GRAFTON – For four years, Grafton’s biggest taxpayer and biggest employer had stayed neutral on the town’s biggest controversy: the proposed Stiles Brook Wind Project.
That changed Friday, when the Windham Foundation issued a statement strongly opposing construction of the 28-turbine project on a ridgeline that separates Grafton from Windham.
Foundation representatives wrote that they “respect everyone’s point of view on this important matter.” But they have concluded that the wind project is “not in Grafton’s best interest” based on environmental, economic and aesthetic concerns.
“If the wind project is built, and the impact of construction and operation is adverse to the beauty and experience of Grafton as we know it, there will be no way to turn back,” the foundation’s letter says. “In our judgment, the risk to Grafton and all we seek to preserve is too great.”
In response to the foundation’s announcement, Stiles Brook developer Iberdrola Renewables noted that the company has scheduled public meetings Tuesday and Wednesday to announce changes to the wind project’s footprint and its economic benefit package.
“It’s unfortunate that the foundation board did not take time to review this (revised) proposal before making their decision,” Iberdrola spokesman Paul Copleman said. “Their decision is also disappointing, as the reasoning behind it appears to be based upon inaccurate information and confused facts.”
Iberdrola has proposed what would be Vermont’s largest wind turbine site in the privately owned Stiles Brook Forest. As the project is currently designed, there would be 20 turbines in Windham and eight in Grafton, capable of producing a combined 96.6 megawatts of power.
The project first was disclosed publicly in 2012, and it has spurred strong opposition in both towns among those who are concerned about negative impacts to the landscape, property values and human health.
Iberdrola has tried to debunk those arguments while also touting the project as a major source of renewable energy.
The debate will come to a head Nov. 8, when Windham residents are scheduled to vote on the project. Iberdrola has said it will abide by the results.
Grafton officials have not yet decided whether the town will have a Stiles Brook vote on Election Day. But the Grafton-based Windham Foundation decided to cast a symbolic vote Friday.
Begun in 1963, the foundation maintains an influential presence both as a property owner and a protector of Grafton’s image as a quintessential New England village. The town, with a population of fewer than 700, relies heavily on tourism and second-home owners for an economic boost.
The Windham Foundation owns and operates the Grafton Inn, Grafton Village Cheese Co. and Grafton Ponds Outdoor Center. A number of other local businesses – including galleries and a village garage and store – occupy buildings the foundation owns.
The foundation also has invested millions into the region via scholarships, grant programs and funding for town improvements.
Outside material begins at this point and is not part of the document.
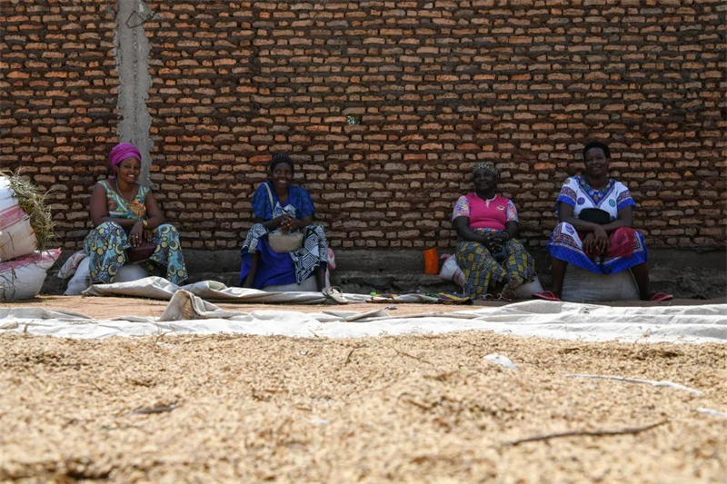 在布隆迪布班扎省吉汉加县,农民晾晒稻谷。新华社记者 韩旭 摄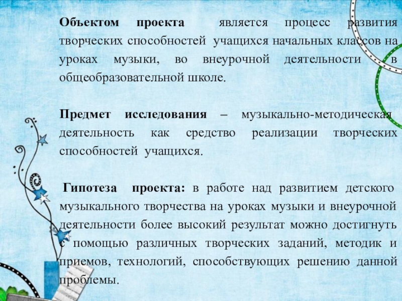 Слайд 6Объектом проекта является процесс развития творческих способностей учащихся начальных классов на

In a letter written for the Grafton News, Edward Zuccaro, the foundation’s board chairman, and Elizabeth Bankowski, its president and chief executive officer, said they’ve been “paying close attention” to the Stiles Brook debate.
In explaining their decision to oppose the wind project, Zuccaro and Bankowski cited the foundation’s focus on “preserving and promoting the vitality of Grafton and Vermont’s rural communities.” They also wrote that “the exquisite harmony of the natural and built landscapes of Grafton is a precious asset with considerable social and economic value.”
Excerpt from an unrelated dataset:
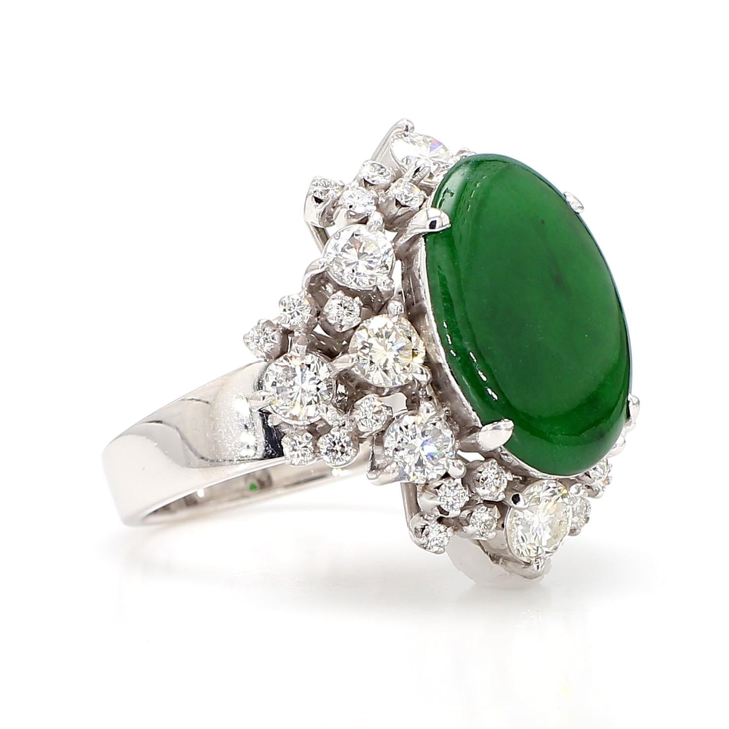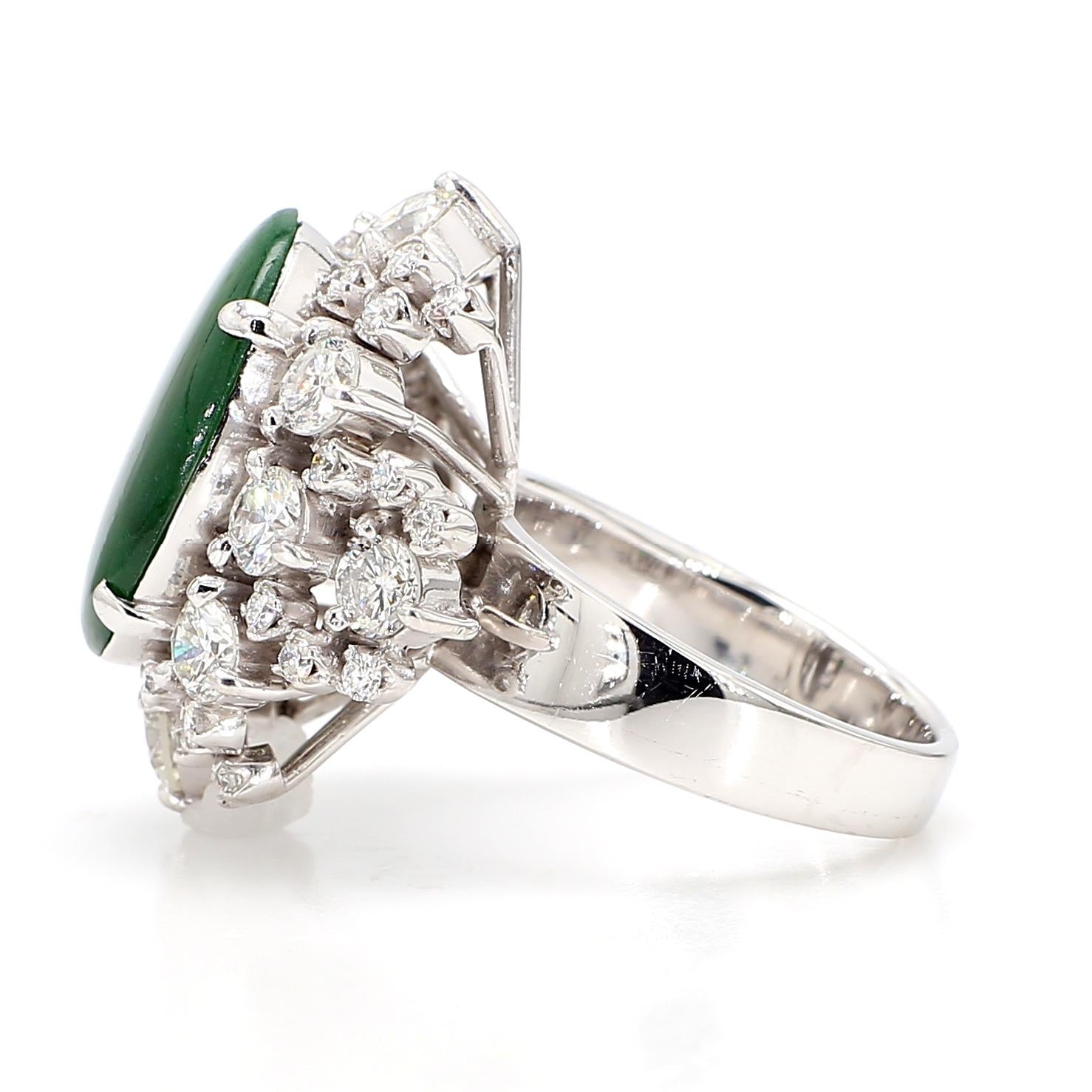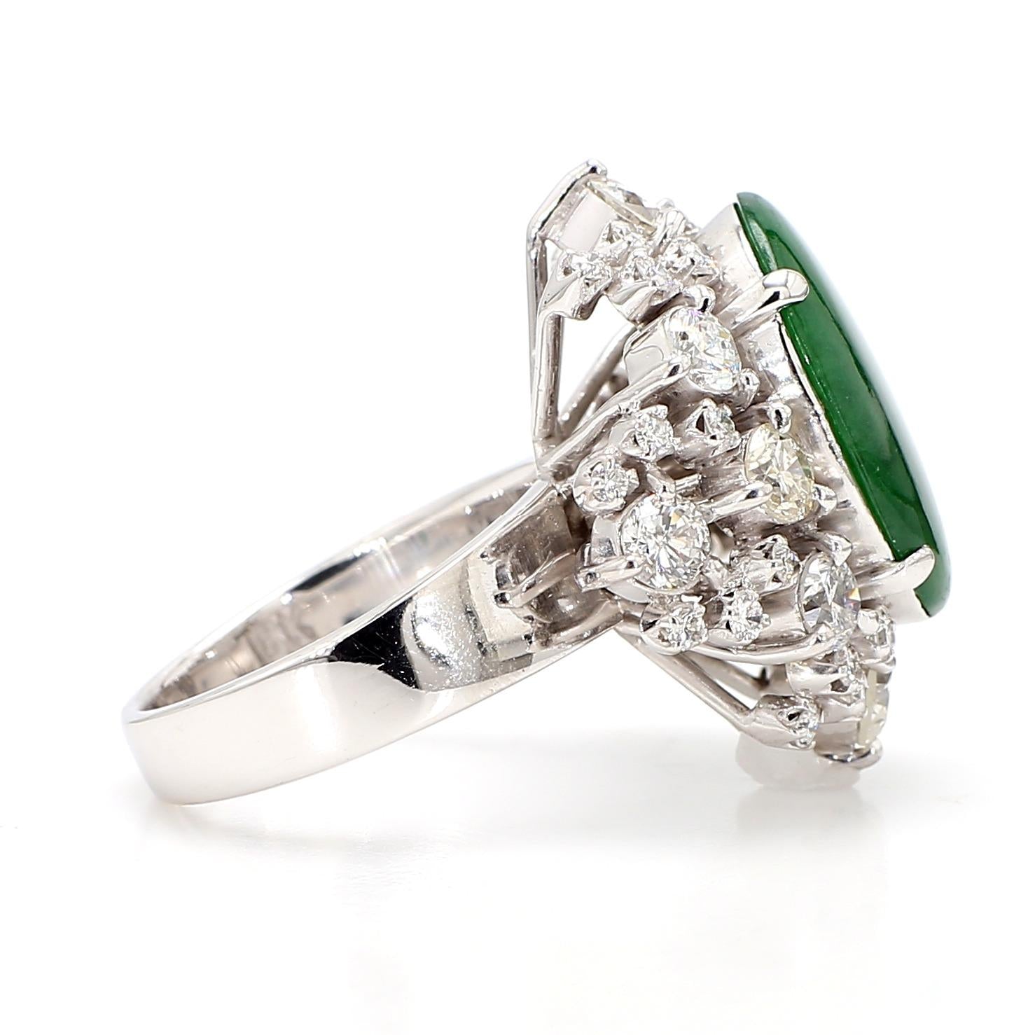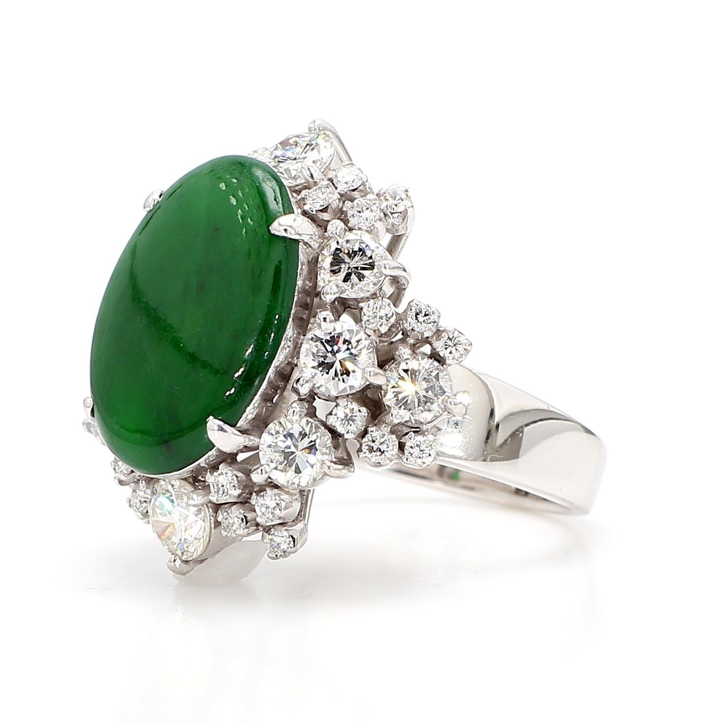 The setting is a classically proportioned double-row starburst cluster in 18K white gold, with round brilliant old cut diamonds of varying sizes arranged in two concentric radiating rows around the jade cabochon — larger diamonds anchoring the outer border and smaller stones filling the inner row, creating a full sunburst effect that dramatically frames the deep green jade center. The individual prong mounts for each diamond are raised, giving the cluster dimensional depth and allowing each stone to be viewed in full from above, while the high-polish white gold shank provides a clean, substantial base for the imposing head. The overall silhouette is reminiscent of the finest mid-century estate jewelry, where cluster diamond surrounds were the premier setting style for important colored gemstones.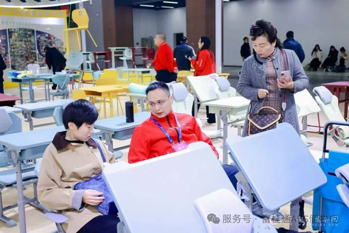 產品區中,多款課桌椅充滿設計感,并以人體工學設計保障學習舒適度與安全性;午休課桌椅則憑借硬核實力脫穎而出 —— 作為江蘇省午休課桌椅地方標準起草單位,其產品嚴格符合國標,江蘇省標雙重標準,更以靈活折疊設計實現 “課用 - 午休” 轉換,節省空間適配校園需求�,F場教育工作者駐足體驗,對產品的專業標準與實用價值高度認可。

That value, foundation administrators believe, could take a hit if the Stiles Brook Wind Project is built.
They don’t think the wind project is necessary to help the state meet its renewable energy goals. And they argued that the project’s proposed tax benefits may be less than advertised, resulting in “little or no net gain” for some homeowners who qualify for an income-based adjustment to their taxes.
“Altering the delicate balance inherent in the rural character of this area is a risk that should not be taken unless we are certain that the benefits outweigh any negative consequences,” Zuccaro and Bankowski wrote.
Contacted Friday, Bankowski did not comment beyond the sentiments expressed in the letter. She did say the foundation had not met with “representatives of either side” in the Stiles Brook debate before coming to a conclusion about the project.
While Iberdrola expressed dismay about the foundation’s stance, the letter brought applause from Grafton Woodlands Group, an anti-turbine organization that sprang up in response to the Stiles Brook proposal.
Anna Vesely and Carol Lind, co-directors of the group, issued a statement saying they appreciate that “in opposing the industrial wind project, the Windham Foundation has upheld its mission to ‘preserve and promote the vitality of Grafton and Vermont’s rural communities.’”
“This echoes our mission, which is to protect Grafton’s heritage,” they wrote. “We’re thrilled.”